11. The specific syllable includes 'sa',
'Set', 'ta', 'ma', 'mi', 'mu', 'me',
'Well', 'Wa', 'O', 'B', 'Bi', 'Bu',
The image according to claim 2, wherein the image includes part or all of “be”, “bo”, “ぱ”, “ぴ”, “ぷ”, “ぺ”, and “ぽ”. Sound processing device.

12. The image acoustic processing apparatus according to claim 1, wherein the syllable is identified based on character data.

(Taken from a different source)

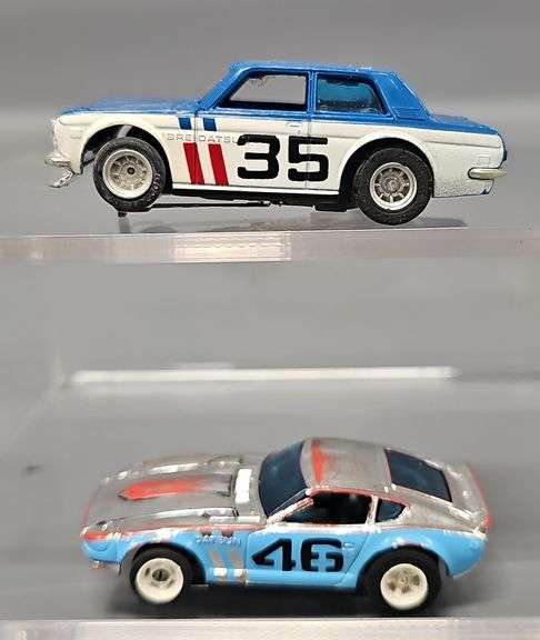 Two AFX Datsun HO Slot Cars to include a Datsun 510 BRE #35, the other a Datsun 240ZX #46 with blue sides and chrome top but has some paint missing. Both are on good running chassis.

13. A computer for identifying a vowel included in a syllable pronounced by the waveform data, generating a sound based on the waveform data, and an image for expressing a mouth when the vowel is pronounced. Transferring data to an image display circuit; and displaying an image based on the image data;
A machine-readable recording medium in which program data for executing the program is stored.

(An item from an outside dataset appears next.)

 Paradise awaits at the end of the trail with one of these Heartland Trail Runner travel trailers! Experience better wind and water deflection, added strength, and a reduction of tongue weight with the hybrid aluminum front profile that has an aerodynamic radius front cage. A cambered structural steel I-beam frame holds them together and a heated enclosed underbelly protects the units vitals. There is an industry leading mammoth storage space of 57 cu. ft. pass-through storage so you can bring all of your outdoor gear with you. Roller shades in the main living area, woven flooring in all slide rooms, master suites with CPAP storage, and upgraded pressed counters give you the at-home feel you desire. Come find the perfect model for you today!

14. A computer for identifying whether or not a syllable pronounced by waveform data is a predetermined specific syllable; and when the specific syllable is identified, the computer outputs Generating sound based on the image data, and, when the specific syllable is identified, image data for expressing a half-open mouth and image data for expressing a mouth when a vowel included in the syllable is to be pronounced. Transferring the image to the image display circuit, and displaying an image representing the mouth when the vowel is pronounced, following the image representing the half-open mouth,
A machine-readable recording medium in which program data for executing the program is stored.

15. A computer, comprising: determining whether or not continuous syllables produced by waveform data include the same vowel; and determining if the continuous syllable includes the same vowel. Generating sound based on the waveform data; and, when identifying that the continuous syllables include the same vowel, image data for expressing a mouth when the vowel included in the syllable is to be pronounced. And transferring image data for expressing the half-open mouth to an image display circuit; and an image for expressing the half-open mouth between images for expressing the mouth that pronounces each of the continuous syllables. And a machine-readable recording medium storing program data for executing the steps.

16. A computer for identifying whether or not continuous syllables produced by the waveform data include different vowels. If the computer determines that the continuous syllables include different vowels, Generating sound based on the image data, and, when the consecutive syllables are identified as including different vowels, image data for expressing a mouth when each vowel is pronounced and an opening of an intermediate mouth between the different vowels Transferring image data for expressing one of the two vowels to an image display circuit, and opening an intermediate mouth between these two types of vowels between the images for expressing the mouths producing each of the different vowels Displaying an image representing the following, and a machine-readable recording medium storing program data for executing the image.

17. A computer, comprising: determining whether a syllable pronounced by waveform data includes a sound-repelling sound; and generating a sound based on the waveform data when the syllable is determined to include a sound-repelling sound. Transferring the image data for expressing the closed mouth to an image display circuit when the syllable includes a sound-repelling sound; anddisplaying an image representing the closed mouth,
A machine-readable recording medium in which program data for executing the program is stored.